Gandrel pisze:
Już kiedyś pisałem o Bebopie, więc się powtarzać nie będę. Zresztą avatar mówi sam za siebie. ;)
Mój awatar też chyba mówi sam za siebie ;-)
Gandrel pisze:
Serial mam z Hypera. "Knockin' on heaven's door" też udało mi się zdobyć, ale pewnie kupię sobie jeszcze DVD.
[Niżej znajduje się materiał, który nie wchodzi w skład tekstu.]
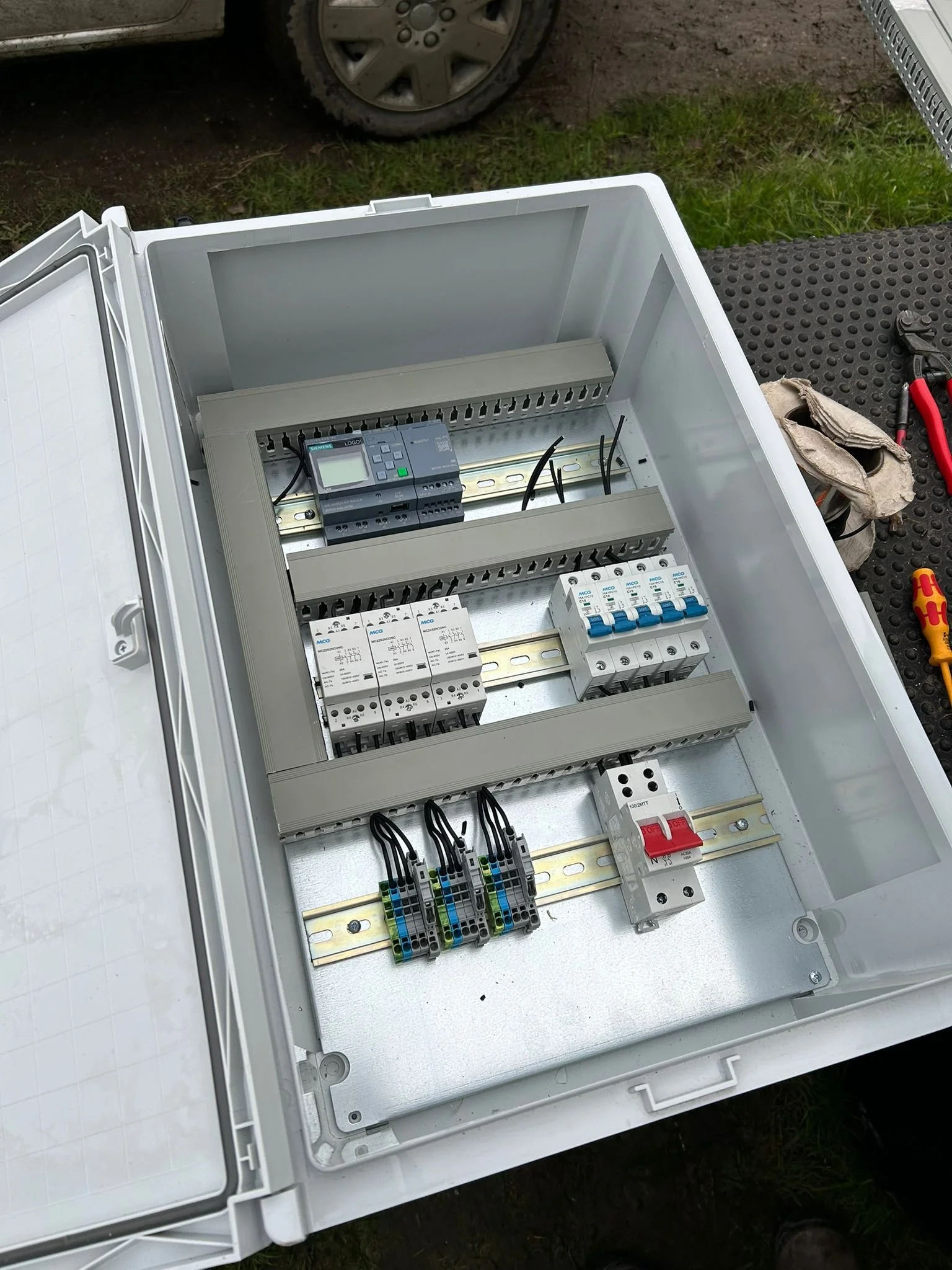 Built and supplied fully assembled, wired and tested. The only connection required is mains supply into the labelled isolator and the motor connected into the labelled din rail terminals.

Ja mam wszystkie 26 odcinków (plus bonusowy "Session XX") ripowane z DVD - po trzy odcinki na płytę, razem 9 CD. Pełnometrażowy "Knockin' On Heaven's Door" też mam, ale niestety już gorszej jakości - muszę się rozejrzeć za dwupłytowym DVD-ripem.
Gandrel pisze:
A ja nie mam swoich ulubionych. Co kawałek to lepszy. Płyta zaczyna się od "Tank", ale po nim jest "Rush". A za nimi "Spokey Dokey" (niesamowity utwór na harmonijkę ustną i gitarę) i trochę później "Digging my potato". A gdy dołoże do tego jeszcze "Words that we couldn't say", "Go Go Cactus Man", "Ave Maria", "LIVE in Baghdad", "Rain" to się poddaję i stwierdza, że cała ścieżka dźwiękowa jest moja ulubiona. :)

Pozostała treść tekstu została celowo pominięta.